Lawfare is, without question, an abomination contributing mightily to the decline and fall of our republic. Of all the grotesque (and unbearably melancholy) tales of the persecuted and prosecuted political prisoners of J6 and of our very own American Gulag, perhaps the saddest is that of Matthew Perna, turned over to our Stasi by some unethical acquaintances and subsequently driven to suicide before his sentencing.
There are various generic search terms for J6 defendants at GiveSendGo, including simply ‘J6’. Virtually any you use get multiple results.
USA Today’s list is also (accidentally) helpful. Add the words “legal defense” to find fundraisers for any of those patriots at GSG or elsewhere.
I attended the J6 panel at CPAC and it was hard to believe that this is happening in America. It’s one thing to read about these stories but listening to John Strand tell his story and realizing he could be spending the next 20 years in jail made my blood boil.

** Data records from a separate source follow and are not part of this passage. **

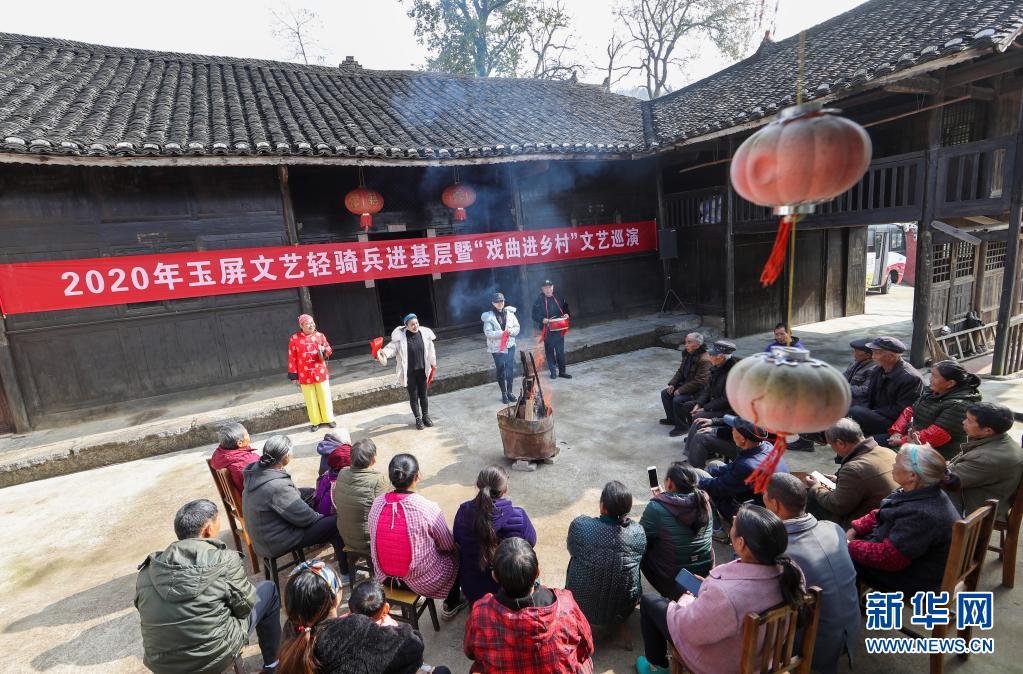 20201130日,在貴州省銅仁市玉屏侗族自治縣新店鎮(zhèn)新店村農(nóng)家院壩,文化志愿者為村民表演小品。新華社發(fā)(胡攀學(xué) 攝)
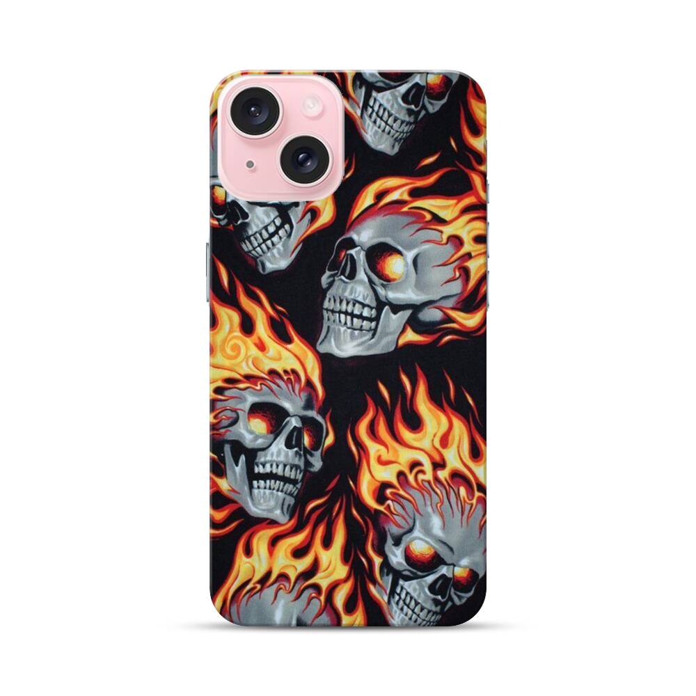 Feuer Totenkopf Apple iPhone 15 Hülle● Rundum bedruckbar
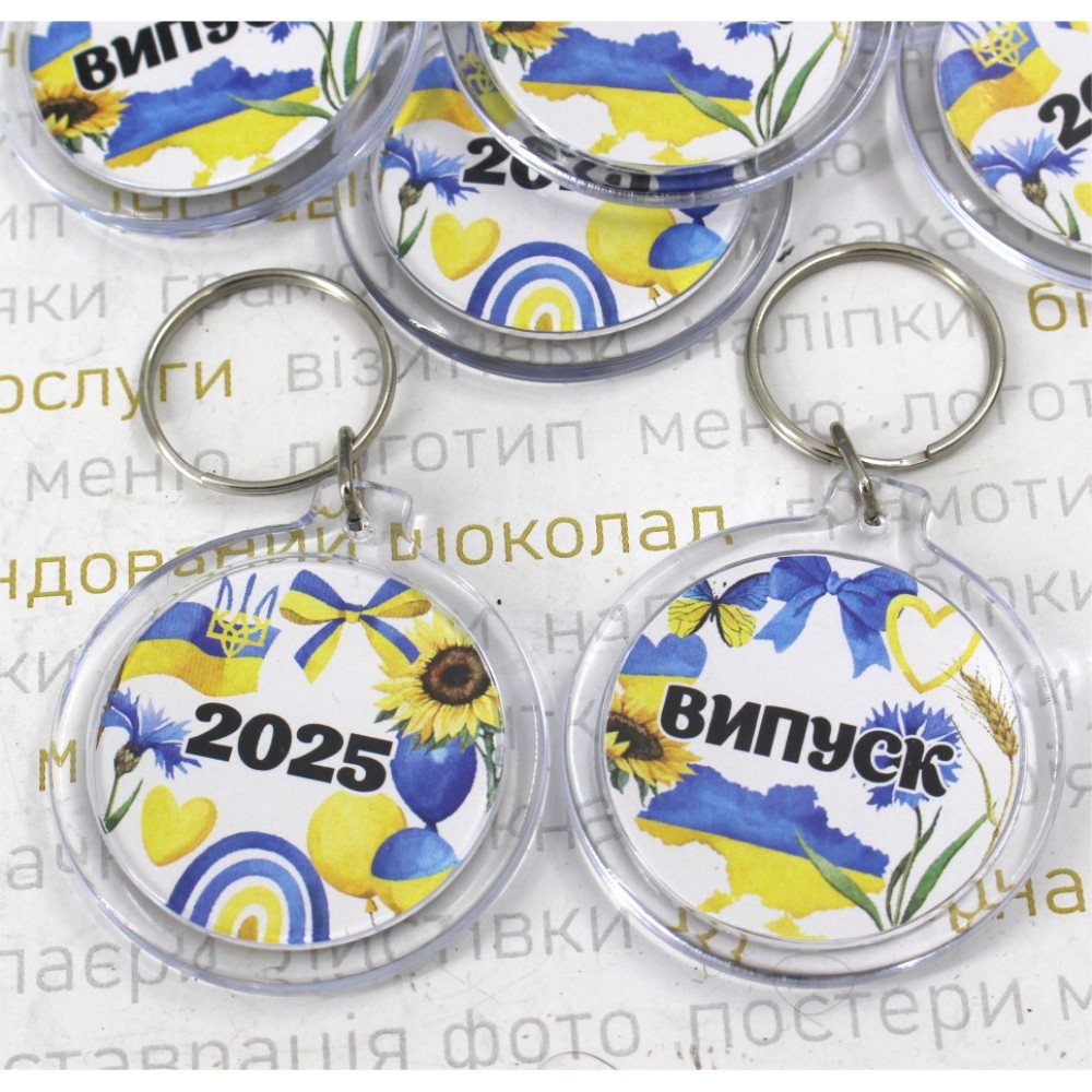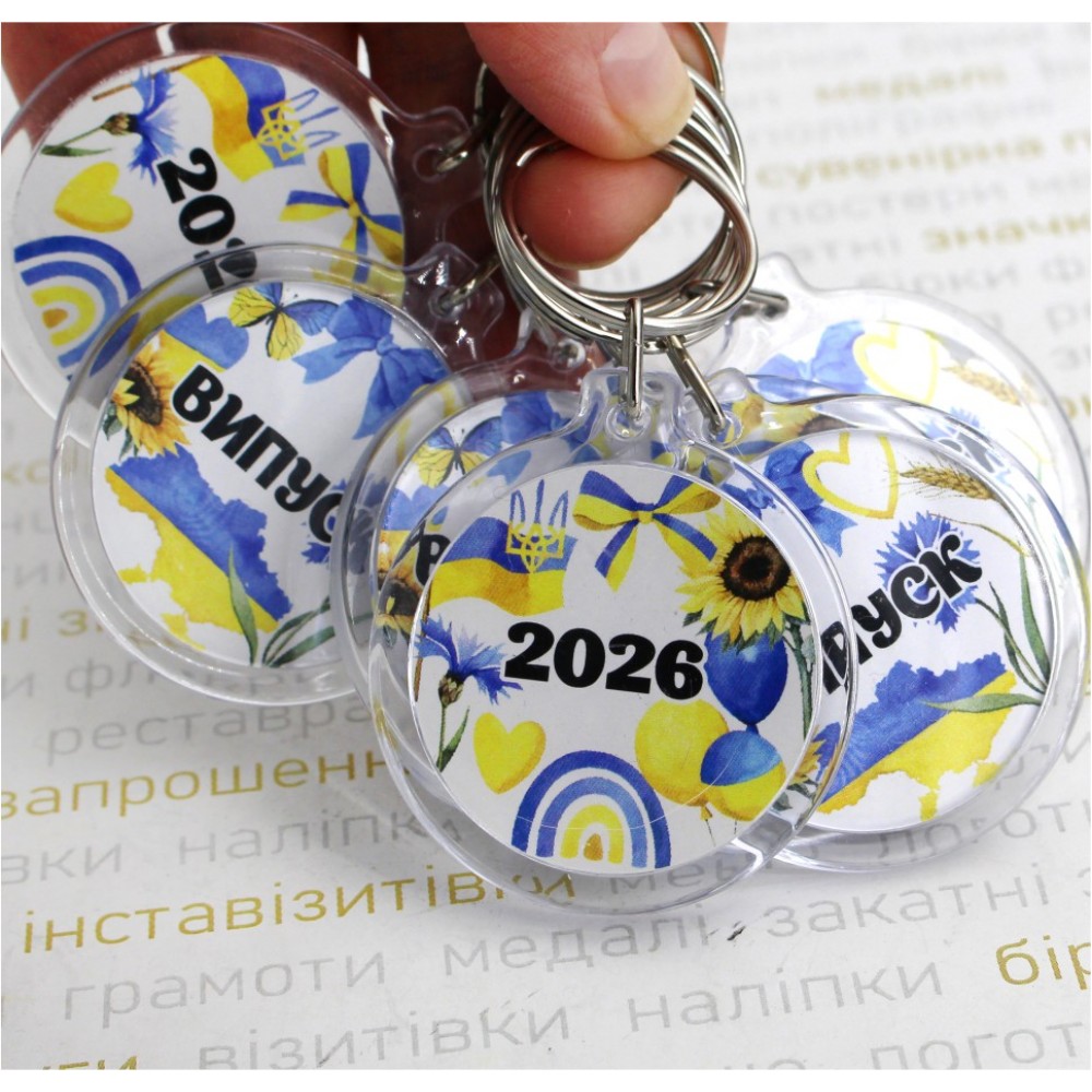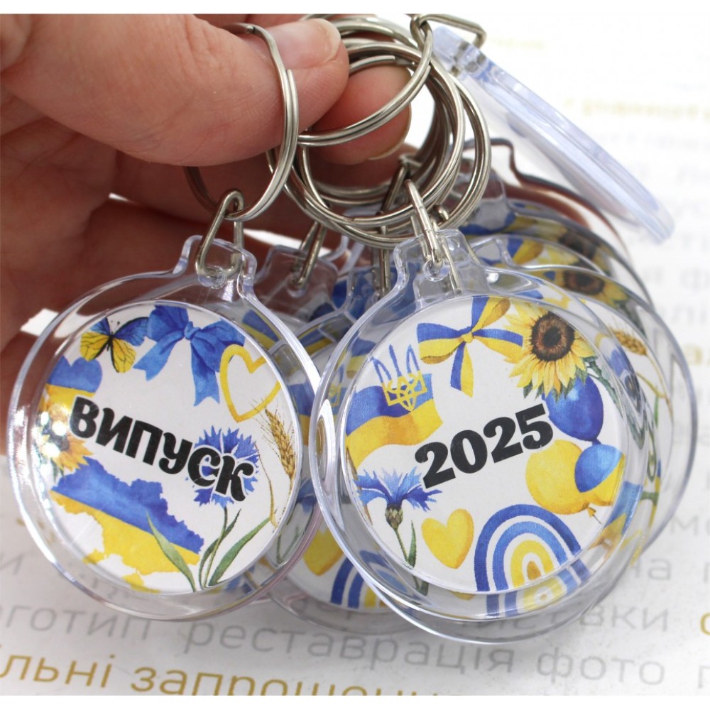Брелок не лише слугуватиме як чудова прикраса для ключів або сумки, але й стане чудовим способом зберегти згадку про важливий момент у житті випускника. Брелок двосторонній (з однієї сторони рік, з іншої випуск. Це стандарт). Може бути іменний (на всіх брелках однакова інформація). Або іменний+ПІБ (з іменами дітей, або будь-яка змінна, текстова інформація) .

With a very few exceptions (notably the oft ridiculed Marjorie Taylor Green) nobody in a position of power is paying attention to these people or the unconstitutional treatment they are receiving from our Department of “Justice”. This is a national disgrace.

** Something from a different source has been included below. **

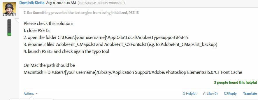 Selecting font in Photoshop Elements 15 leads to crash
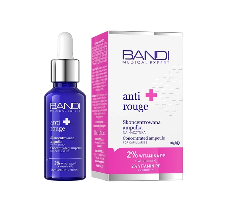 Konzentrierte Ampulle für Couperose aus der Bandi Medical Anti Rouge Linie beruhigt Irritationen und stellt gleichzeitig eine makellose Hautstruktur wieder her. Die Formel des Präparats wurde angereichert mit Vitamin B3 (Niacinamid), Vitamin K2 und Kudzu-Wurzelextrakt. Vitamin B3 reduziert Entzündungen, gleicht den Teint aus, unterstützt die Regeneration der Haut und schützt vor Austrocknung. Vitamin K2 glättet die Haut und verringert Rötungen. Kudzu-Wurzelextrakt neutralisiert freie Radikale und beruhigt irritierte Haut.

Comparing this to the Reichstag Fire is a disservice to the Nazis, as much as I hate to say. The Reichstag Fire was an actual arson committed by a deranged Dutch Communist pyromaniac, Marinius van Der Lubbe, rather than a false flag (at least if you actually look at the evidence rather than the Soviet propaganda). Meanwhile, the German judiciary actually conducted the trial with decent amounts of professionalism and honor, which is one reason why only van Der Lubbe was convicted and why Hitler was so angry at the judiciary.
The sham that has been occurring in DC would be fitting for the so-called People’s’ Court.
I disagree with Marjorie Taylor Green on a lot. A LOT. But her advocacy for the victims of this nightmare has ensured she will have my gratitude.
This whole J6 s show reminds me of the Star Chamber. Add the fact Rep leaders are scared to say anything about the lake justice makes me so very angry.
It is a fundamental axiom of justice and liberty that individuals be held accountable for their own actions and not for what is feared, projected or observed coincident to those actions.
The US legal system under the influence of Democratic political fever is a mockery of justice and liberty.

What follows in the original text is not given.